俺の手のひらの上で、一本のボロボロだった鉄のナイフが、怪しい黒光りを放ち始めた。

錆びの進行を極限まで加速させ、さらに表面を特殊な酸化皮膜――いわゆる『黒錆』でコーティングしたのだ。それは、もう二度と腐ることのない、究極の防錆強度を持つ強靭な刃だった。

さらに、俺は気づいた。

『錆』とは、不要な不純物を削ぎ落とし、物質の「本質」だけを残すプロセスでもあるのだと。

鉄が錆びてボロボロになるのは、不純物が多いからだ。俺の魔力で徹底的に不純物を「酸化」させて排除し、純度一〇〇パーセントの鉄分子だけを再結合させる。

シュイン、と心地よい風切り音が洞窟に響く。

俺の手元には、かつて誰も見たことがないほど半透明に透き通った、美しく、それでいてどんな大剣をも一刀両断にする『純鉄の魔剣』が完成していた。

「ハズレ属性なんて、誰が決めた。この力は、世界を研ぎ澄ます刃だ」

その時だった。地響きと共に、山の麓から悲鳴が響き渡った。

空がどす黒い雲に覆われ、不気味な咆哮が木霊する。

王都の周辺にしか現れないはずの、特級危険魔獣『地脈喰らい(アース・イーター)』が、突如として我が領地に現れたのだ。

麓の村へ駆け下りると、そこは生き地獄だった。

体長数十メートルを超える、岩石の鎧をまとった巨大なミミズのような魔獣が、村の家々を次々と踏み潰している。

火炎嵐プロミネンス・ストーム!」

長男の兄が必死に最上級の火魔術を放つが、魔獣の強固な岩石の皮膚には傷一つ付かない。

「バカな、俺の炎が通じないなんて……!」

次男の兄は大地の障壁を張るが、魔獣の一撃で粉々に砕け散った。二人とも血を流し、地面に這いつくばっている。

「ガァァァァオオオオ!」

魔獣が大きく口を開け、兄たちを文字通り「喰らう」ために狂暴な一撃を振り下ろした。

誰もが諦め、目を背けたその瞬間。

キィィィィィン――!!

鋭い金属音が戦場に響き渡った。

「なっ……何だと!?」

兄たちが目を開けると、そこには、ボロボロの作業着を着た俺が、一本の透明な細剣で魔獣の巨体を受け止めている姿があった。

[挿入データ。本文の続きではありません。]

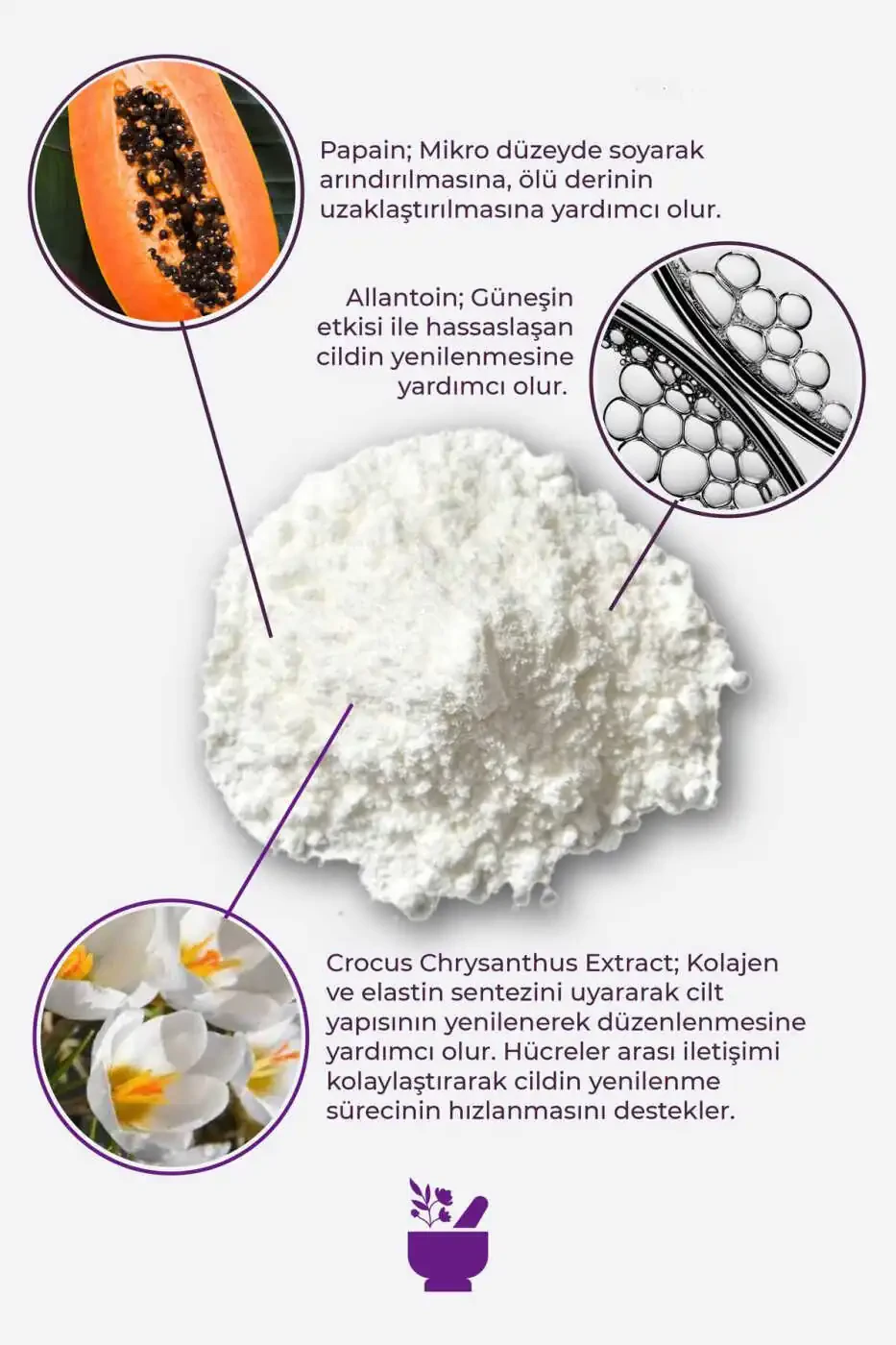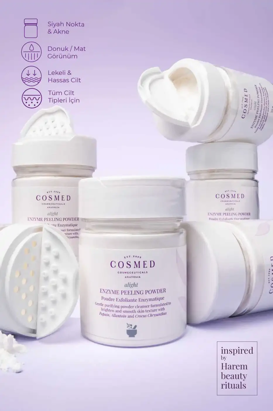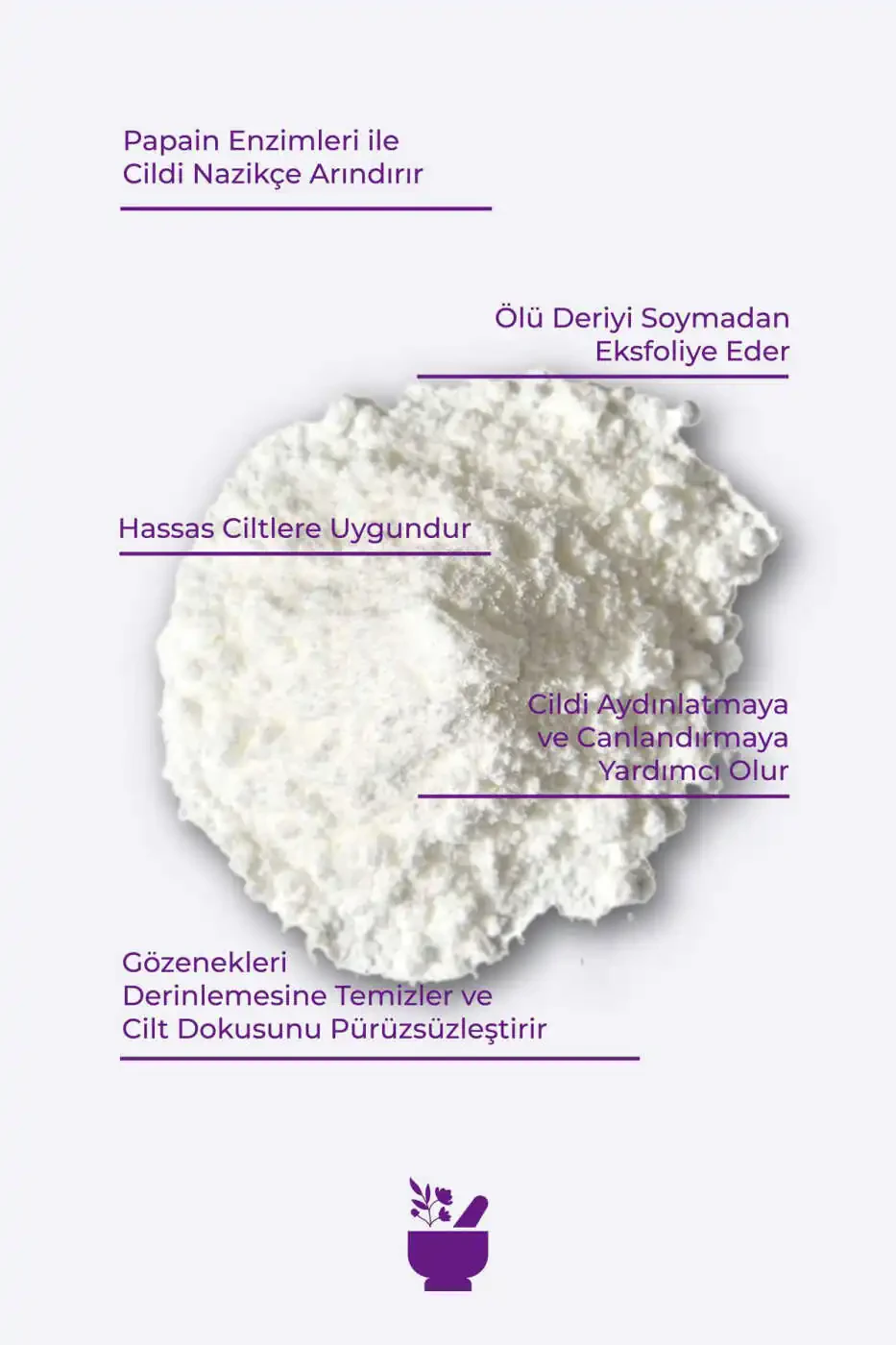 Apply a small amount of peeling powder to damp skin and massage gently in circular motions. After waiting 1-2 minutes, rinse with warm water. You can use it 1-2 times a week.

「アルス!? なぜお前が……逃げろ、その鉄くずの力じゃ一瞬で肉塊にされるぞ!」

兄が叫ぶ。だが、俺は不敵に笑った。

「兄さん、よく見ておきなよ。あんたたちがゴミだと笑った、この錆の力を」

俺は魔力を全開にした。両手から立ち上る、濃厚な赤茶色の霧。それが津波となって、魔獣の巨体を包み込んでいく。

「グルゥ!? ガァァァア!」

魔獣が苦しみに身をよじる。魔獣の武器である『絶対に砕けない岩石の鎧』が、みるみるうちに茶色く変色し、ボロボロと崩れ落ちていくのだ。

「そんな……あの魔獣の皮膚は、どんな魔法も通さないダイヤモンド並みの硬度のはずだぞ!?」

「硬ければ硬いほど、不純物が多いのさ」

俺は冷静に魔力を操作する。

魔獣の皮膚を構成する鉱物成分を、超高速で『酸化・風化』させる。数百年かけて風化するはずの岩石の寿命を、俺の魔力がわずか数秒で使い切らせたのだ。

鎧を完全に失い、柔らかい肉質が剥き出しになった魔獣が怯え、後退りする。

「これで終わりだ」

俺は自作の純鉄の細剣を引き抜き、魔力を注ぎ込んだ。

剣の表面に、青白い超高熱のプラズマが帯びる。『酸化』とはすなわち化学発熱。その熱量を一本の刃に集中させ、限界まで熱を爆発させる。

「ハズレ属性の、底力を見せてやる! ――『錆界・一閃さびかい・いっせん』!」

閃光が走った。

一瞬の後、魔獣の巨体は真っ二つに裂け、切り口からボロボロの灰となって崩れ落ち、サラサラと風に吹かれて消えていった。

静寂が村を包み込む。

呆然と立ち尽くす兄たちと、恐怖で腰を抜かした神官たち。

俺は剣をサヤに収め、軽く息を吐いた。

「アルス……お前、本当にあの『錆』の能力なのか……?」

長男の兄が、震える声で尋ねる。そこにはかつての蔑みはなく、圧倒的な強者への畏怖だけがあった。

「あぁ。世界を腐らせる、最低のハズレ属性さ」

俺は振り返り、夕日に向かって歩き出した。

「でも、使い方次第で、どんな盾も腐らせ、どんな剣も研ぎ澄ますことができる。前世のサラリーマン時代に学んだんだ。無駄なスキルなんてない。活かせない奴が無能なだけだってね」

この日、一人の「鉄くず」と呼ばれた少年が、世界の常識をひっくり返した。

後に、あらゆる障壁を無に帰し、大陸最強の魔王軍をも一瞬で風化させた伝説の英雄。

『真鍮の魔術師』アルス・レトフォードの冒険は、まだ始まったばかりだ。